(Exercise description): A faithful, picture-free copy of the listing below is required.

(Material provided):
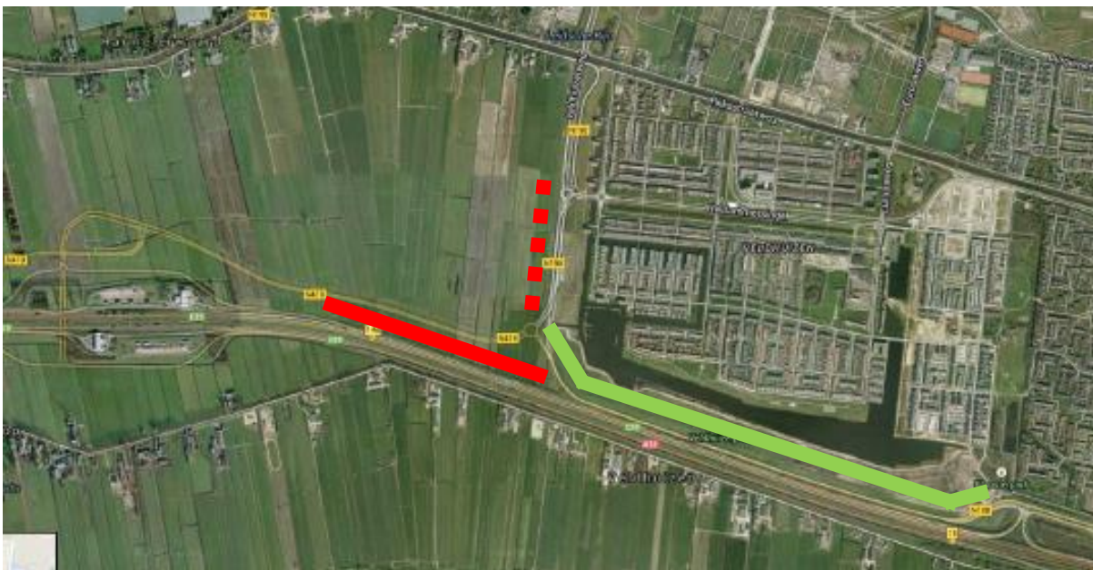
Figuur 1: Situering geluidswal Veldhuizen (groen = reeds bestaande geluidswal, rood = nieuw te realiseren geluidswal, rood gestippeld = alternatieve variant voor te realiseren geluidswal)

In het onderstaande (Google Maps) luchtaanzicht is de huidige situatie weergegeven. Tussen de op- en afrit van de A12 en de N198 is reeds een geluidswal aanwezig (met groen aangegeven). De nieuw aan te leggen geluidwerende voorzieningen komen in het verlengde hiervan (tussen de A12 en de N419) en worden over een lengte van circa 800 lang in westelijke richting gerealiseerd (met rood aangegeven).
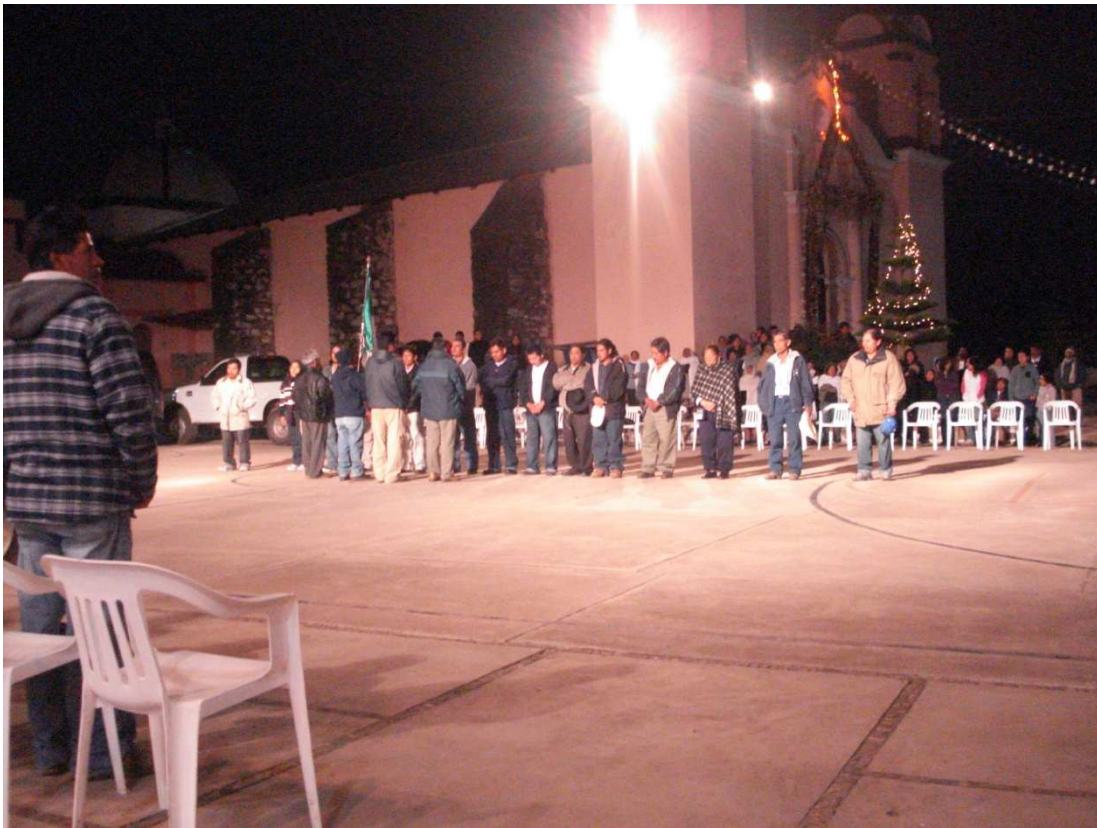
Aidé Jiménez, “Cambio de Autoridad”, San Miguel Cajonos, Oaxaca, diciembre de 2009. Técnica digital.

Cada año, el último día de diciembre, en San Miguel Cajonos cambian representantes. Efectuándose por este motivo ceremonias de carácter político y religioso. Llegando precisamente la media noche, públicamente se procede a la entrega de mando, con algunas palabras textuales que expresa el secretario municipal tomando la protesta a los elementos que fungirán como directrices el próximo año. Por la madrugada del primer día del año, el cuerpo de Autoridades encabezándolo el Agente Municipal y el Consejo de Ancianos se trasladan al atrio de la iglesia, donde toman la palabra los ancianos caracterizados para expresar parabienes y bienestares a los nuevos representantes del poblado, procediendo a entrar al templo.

(Problem solution):
Figuur 1: Situering geluidswal Veldhuizen (groen = reeds bestaande geluidswal, rood = nieuw te realiseren geluidswal, rood gestippeld = alternatieve variant voor te realiseren geluidswal)

In het onderstaande (Google Maps) luchtaanzicht is de huidige situatie weergegeven. Tussen de op- en afrit van de A12 en de N198 is reeds een geluidswal aanwezig (met groen aangegeven). De nieuw aan te leggen geluidwerende voorzieningen komen in het verlengde hiervan (tussen de A12 en de N419) en worden over een lengte van circa 800 lang in westelijke richting gerealiseerd (met rood aangegeven).
Aidé Jiménez, “Cambio de Autoridad”, San Miguel Cajonos, Oaxaca, diciembre de 2009. Técnica digital.

Cada año, el último día de diciembre, en San Miguel Cajonos cambian representantes. Efectuándose por este motivo ceremonias de carácter político y religioso. Llegando precisamente la media noche, públicamente se procede a la entrega de mando, con algunas palabras textuales que expresa el secretario municipal tomando la protesta a los elementos que fungirán como directrices el próximo año. Por la madrugada del primer día del año, el cuerpo de Autoridades encabezándolo el Agente Municipal y el Consejo de Ancianos se trasladan al atrio de la iglesia, donde toman la palabra los ancianos caracterizados para expresar parabienes y bienestares a los nuevos representantes del poblado, procediendo a entrar al templo.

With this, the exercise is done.